Stored data entries
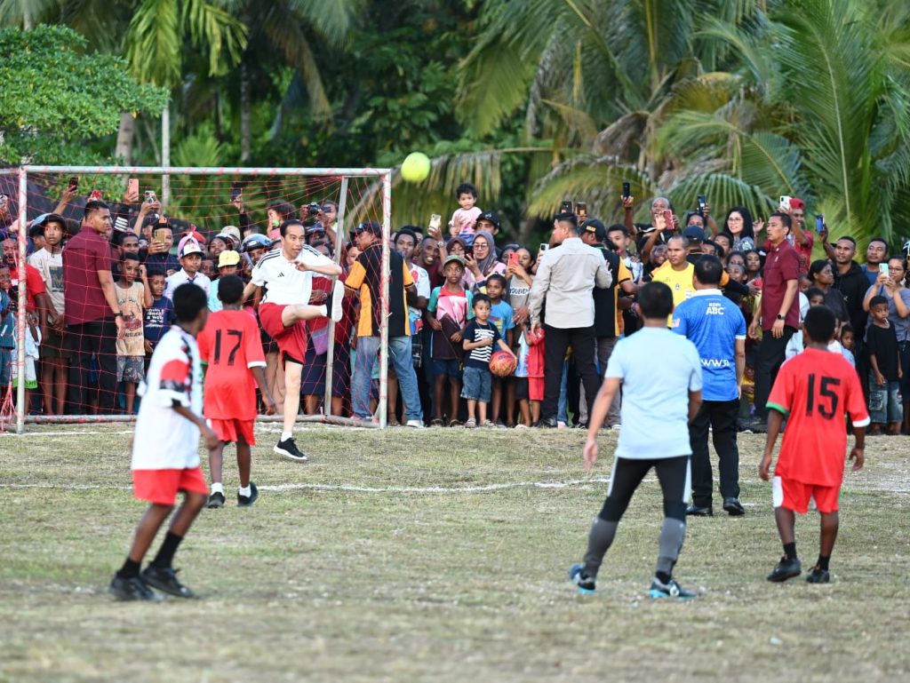 Presiden Jokowi yang mengenakan kaus berwarna putih dengan nomor punggung 23 tampak antusias bermain sepak bola bersama para pelajar. Semangat yang sama juga ditunjukkan oleh para pelajar yang berasal dari sejumlah sekolah di Kabupaten Biak Numfor saat berusaha menggiring bola dan mencetak gol.
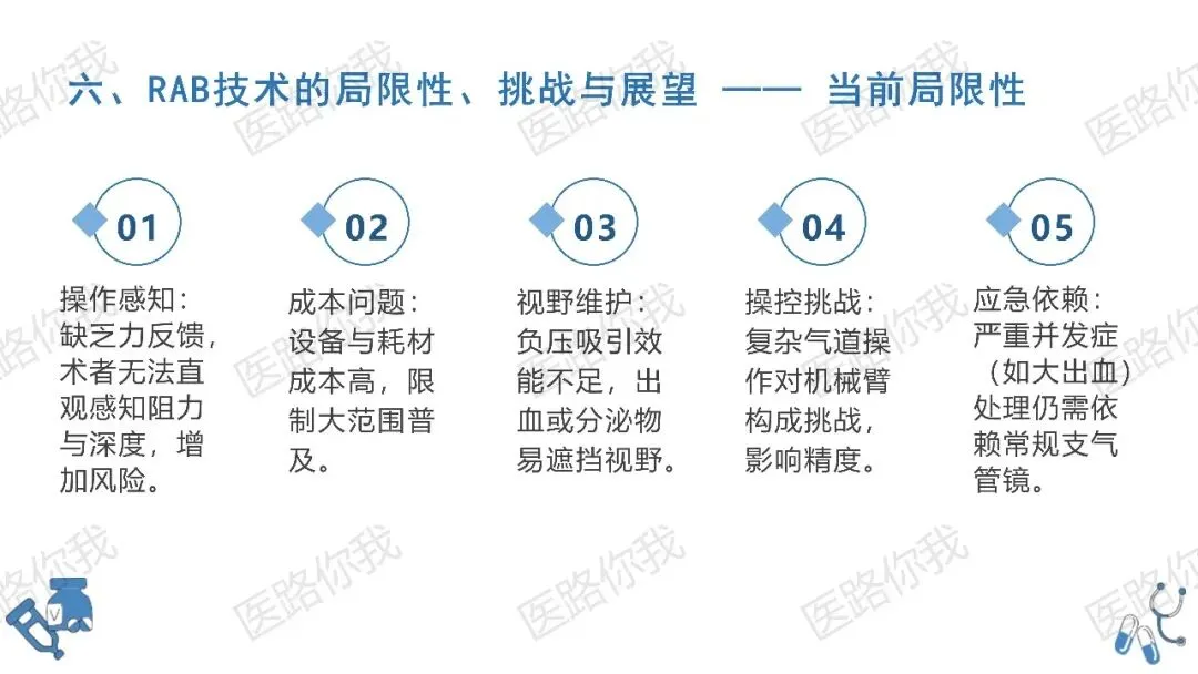 尽管前景广阔,RAB仍面临设备成本高、缺乏力反馈(触觉)、复杂气道操控难度大等挑战。未来的技术迭代将聚焦于AI自动巡航、多模态影像实时融合及微型化治疗工具的开发。参考文献:中华医学会呼吸病学分会. 机器人辅助支气管镜诊疗技术专家共识[J]. 中华结核和呼吸杂志, 2026, 49(3): 307-316.
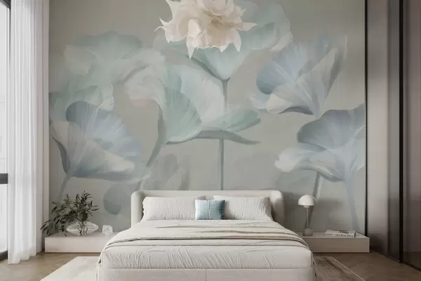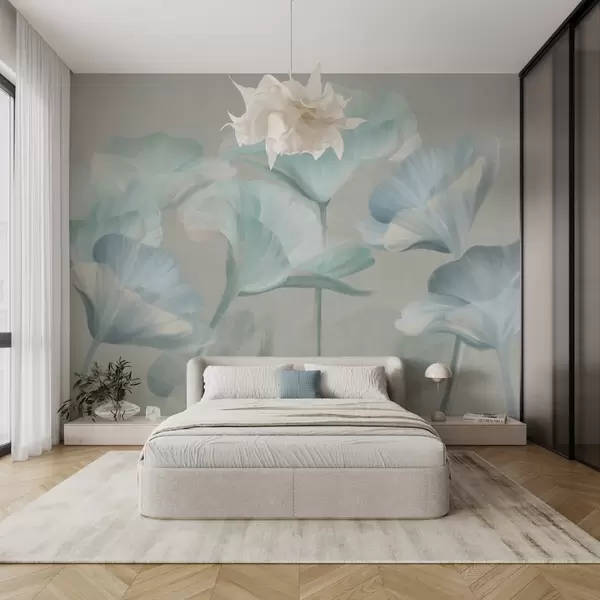 Fotobehang Lichtturquoise, doorschijnende lotusbloemen met delicate bloemblaadjes tegen een gedempte grijze achtergrond N° w09640v2
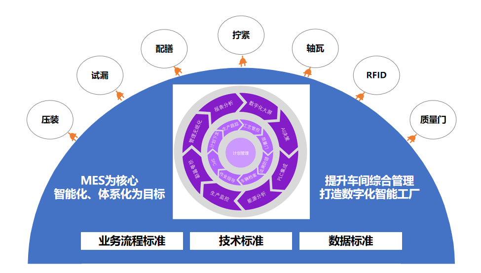 ③智能化生產(chǎn)管理決策、分析和知識(shí)積累,需要實(shí)施制造執(zhí)行系統(tǒng)(MES系統(tǒng)),助力公司打造智慧型車企。
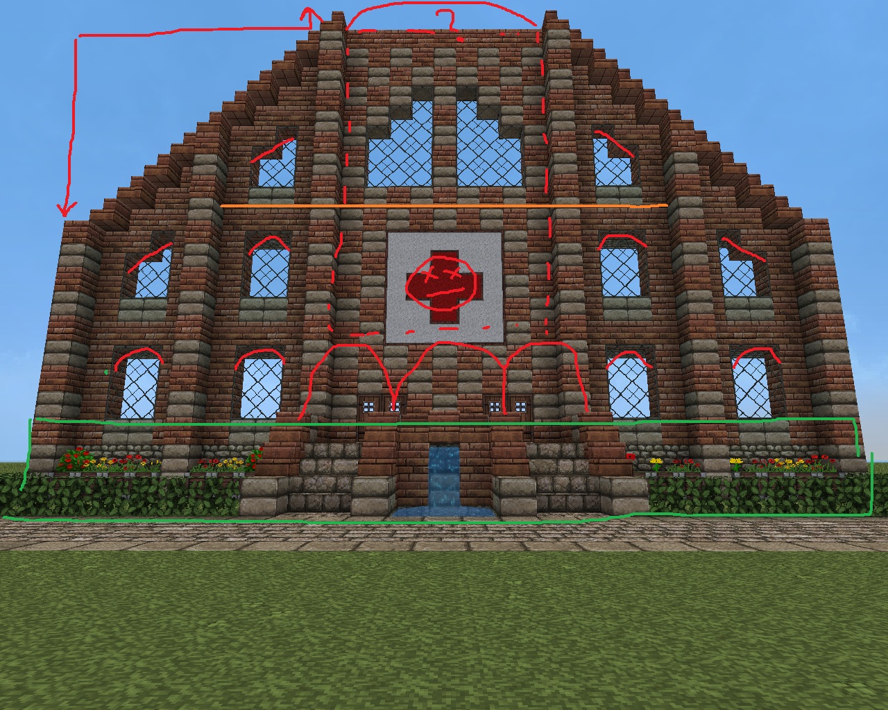 Ну начало неплохое, но для приготовления торта из этого коржа нам придется поработать : ) Низ - хорошо то что ждешь от больницы, вступая на ее порог. Особенно порадовал лечебный фонтан, для тех кто ползет внутрь и умирает от жажды : ) Проблемы дальше. С выбранным углом крыши некоторые проблемы по балансу (или пропорциям/или как это еще назвать). Если наверху то, что ты оставил под купол, то это очень мало. Сносный купол надо начинать намного ниже (оранжевая линия). Вся центральная часть (красный пунктир) страдает от черезмерной плоскости бытия. Красный крест забавен как пасхалка, но я еще морально не готов : ) Вместо него можно попробовать изобразить витраж. Окна все же стоит наверное округлить лесенками поверх, тем самым слегка углубив их. Сам фасад нужно хотя бы слегка разнообразить белой/серой шерстью, деревом, каким-то более экзотическими элементами. Еще можно - как-то развить тему крыльца/козырька, чтобы двери не торчали среди плоской стены. Поковыряй еще сам, если зайдешь в тупик - скинь сейв креатива, я набросаю прямо поверх.
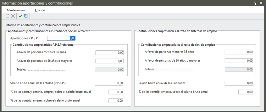 Se deberá informar el importe total de las aportaciones realizadas por todas las personas trabajadoras de la empresa a planes de previsión social preferentes.
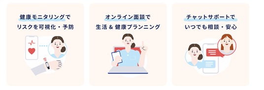 ウェアラブルデバイス、オンライン面談、チャットサポートを組み合わせ、妊娠期の従業員一人ひとりに寄り添った支援を行います。
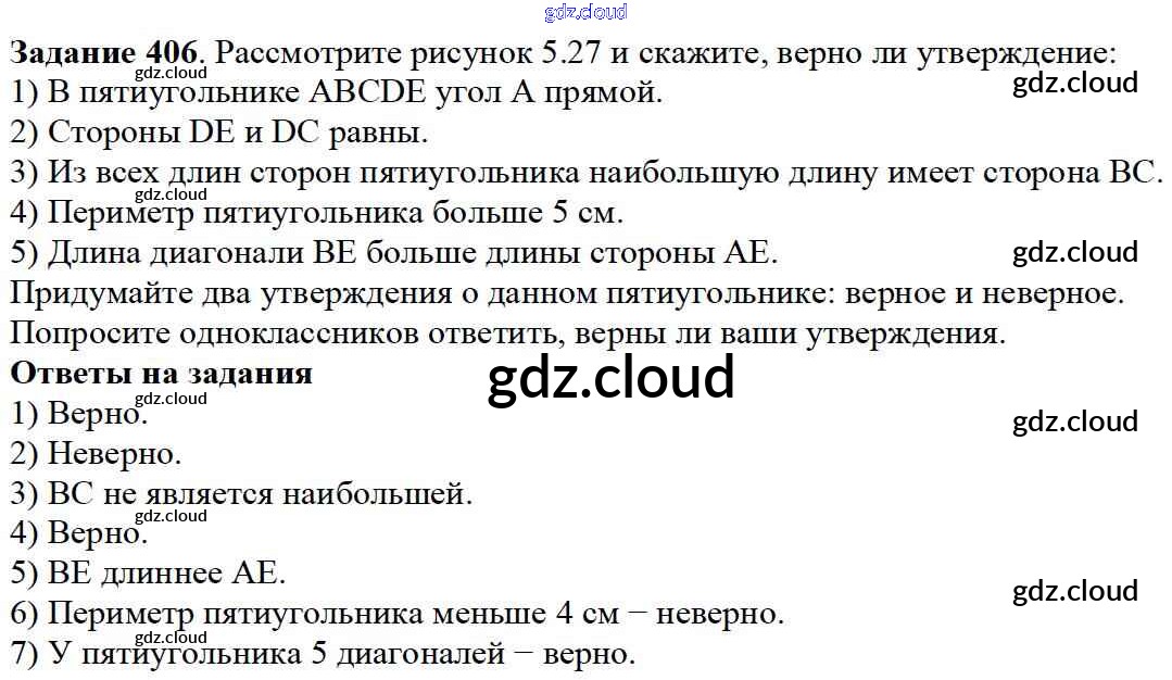Ответ на задание 406 Учебник Математика за 5 (пятый) класс Дорофеев, Шарыгин, Суворова, Бунимович, Кузнецова, Минаева, Рослова 2015

**About this task**: The reply should hold only the lines from the first line of the records above through the line containing "③智能化生產(chǎn)管理", copied exactly and without pictures.

**Result below**:
 Presiden Jokowi yang mengenakan kaus berwarna putih dengan nomor punggung 23 tampak antusias bermain sepak bola bersama para pelajar. Semangat yang sama juga ditunjukkan oleh para pelajar yang berasal dari sejumlah sekolah di Kabupaten Biak Numfor saat berusaha menggiring bola dan mencetak gol.
 尽管前景广阔,RAB仍面临设备成本高、缺乏力反馈(触觉)、复杂气道操控难度大等挑战。未来的技术迭代将聚焦于AI自动巡航、多模态影像实时融合及微型化治疗工具的开发。参考文献:中华医学会呼吸病学分会. 机器人辅助支气管镜诊疗技术专家共识[J]. 中华结核和呼吸杂志, 2026, 49(3): 307-316.
 Fotobehang Lichtturquoise, doorschijnende lotusbloemen met delicate bloemblaadjes tegen een gedempte grijze achtergrond N° w09640v2
 ③智能化生產(chǎn)管理決策、分析和知識(shí)積累,需要實(shí)施制造執(zhí)行系統(tǒng)(MES系統(tǒng)),助力公司打造智慧型車企。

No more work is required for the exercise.